* _Task to carry out_
Your answer should hold exactly the lines beginning with the one that contains "Travel Itinerary" and ending with the last line of the material, both included. Leave every picture out.

___ Data for analysis

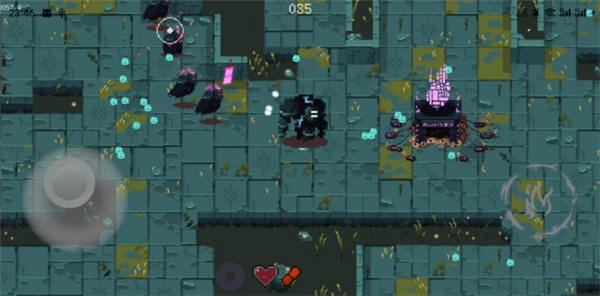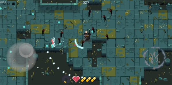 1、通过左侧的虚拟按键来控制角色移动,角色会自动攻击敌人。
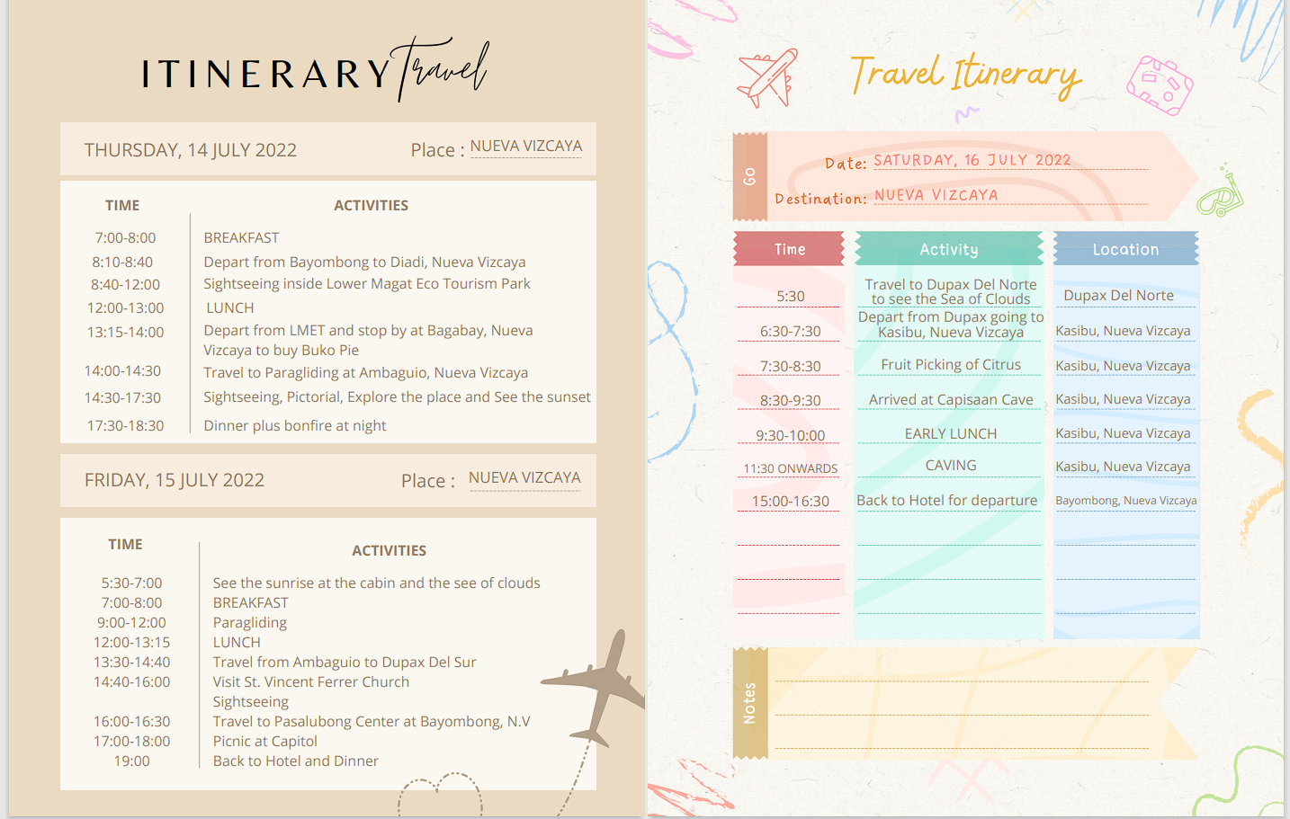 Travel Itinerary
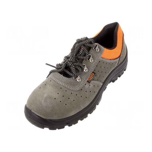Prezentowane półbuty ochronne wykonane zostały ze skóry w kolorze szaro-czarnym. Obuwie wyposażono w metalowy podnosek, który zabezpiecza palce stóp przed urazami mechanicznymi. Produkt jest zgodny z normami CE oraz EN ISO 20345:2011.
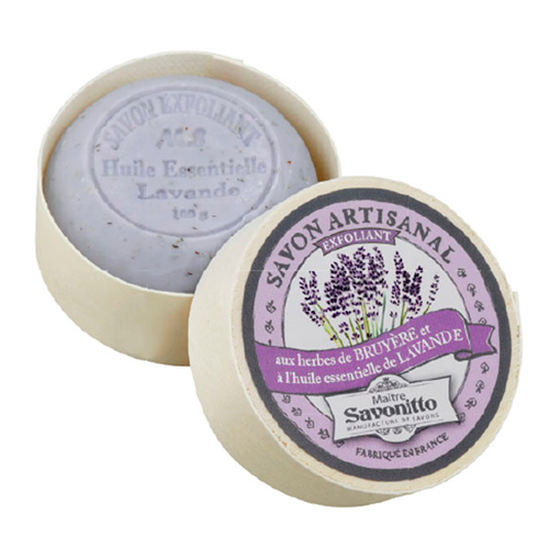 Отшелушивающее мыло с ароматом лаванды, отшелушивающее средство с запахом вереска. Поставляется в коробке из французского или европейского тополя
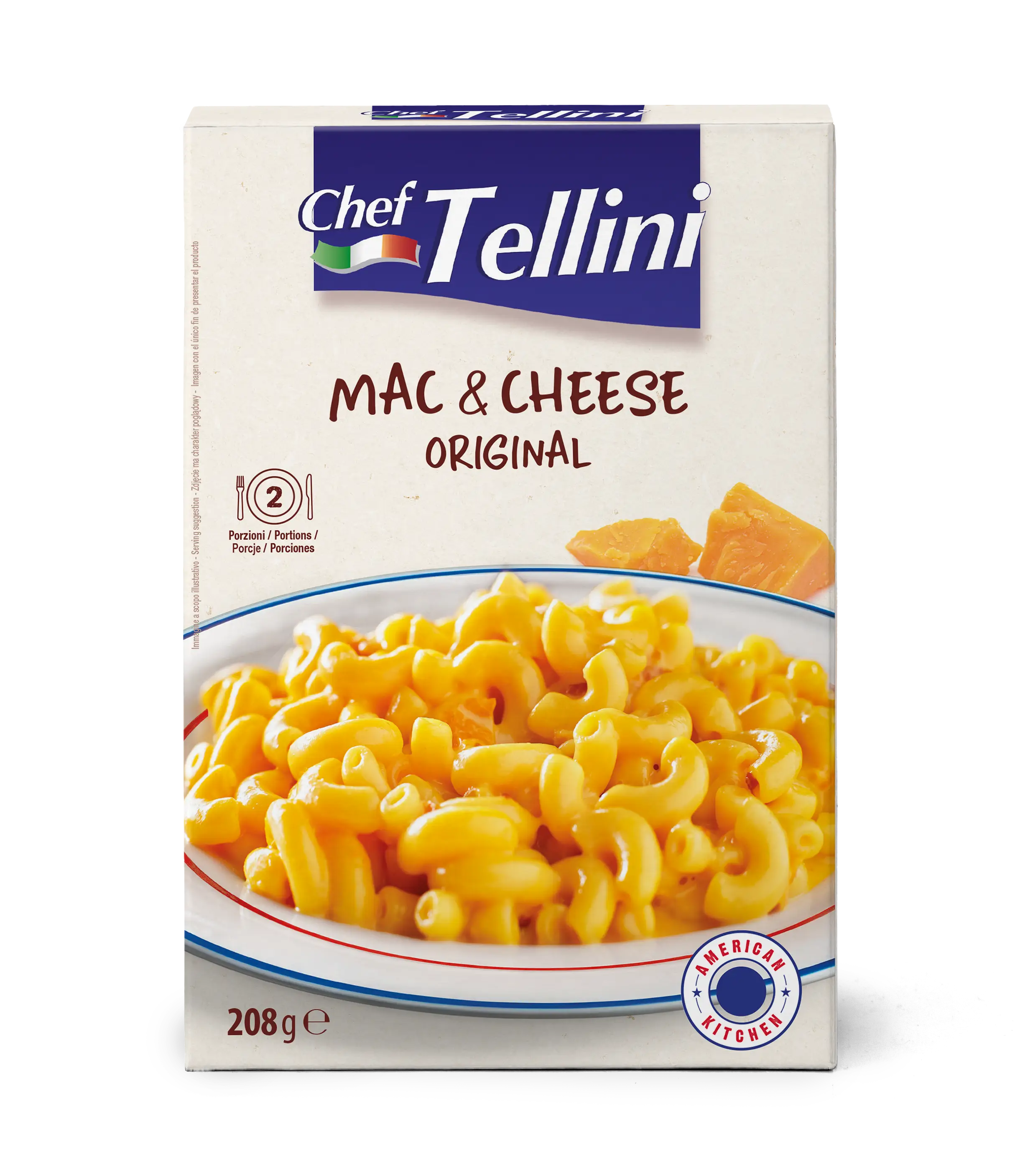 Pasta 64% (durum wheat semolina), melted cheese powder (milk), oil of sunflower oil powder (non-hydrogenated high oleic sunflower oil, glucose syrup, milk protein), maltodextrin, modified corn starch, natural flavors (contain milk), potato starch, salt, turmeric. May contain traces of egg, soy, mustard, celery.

______

* _Solution for this task_
 Travel Itinerary
Prezentowane półbuty ochronne wykonane zostały ze skóry w kolorze szaro-czarnym. Obuwie wyposażono w metalowy podnosek, który zabezpiecza palce stóp przed urazami mechanicznymi. Produkt jest zgodny z normami CE oraz EN ISO 20345:2011.
 Отшелушивающее мыло с ароматом лаванды, отшелушивающее средство с запахом вереска. Поставляется в коробке из французского или европейского тополя
 Pasta 64% (durum wheat semolina), melted cheese powder (milk), oil of sunflower oil powder (non-hydrogenated high oleic sunflower oil, glucose syrup, milk protein), maltodextrin, modified corn starch, natural flavors (contain milk), potato starch, salt, turmeric. May contain traces of egg, soy, mustard, celery.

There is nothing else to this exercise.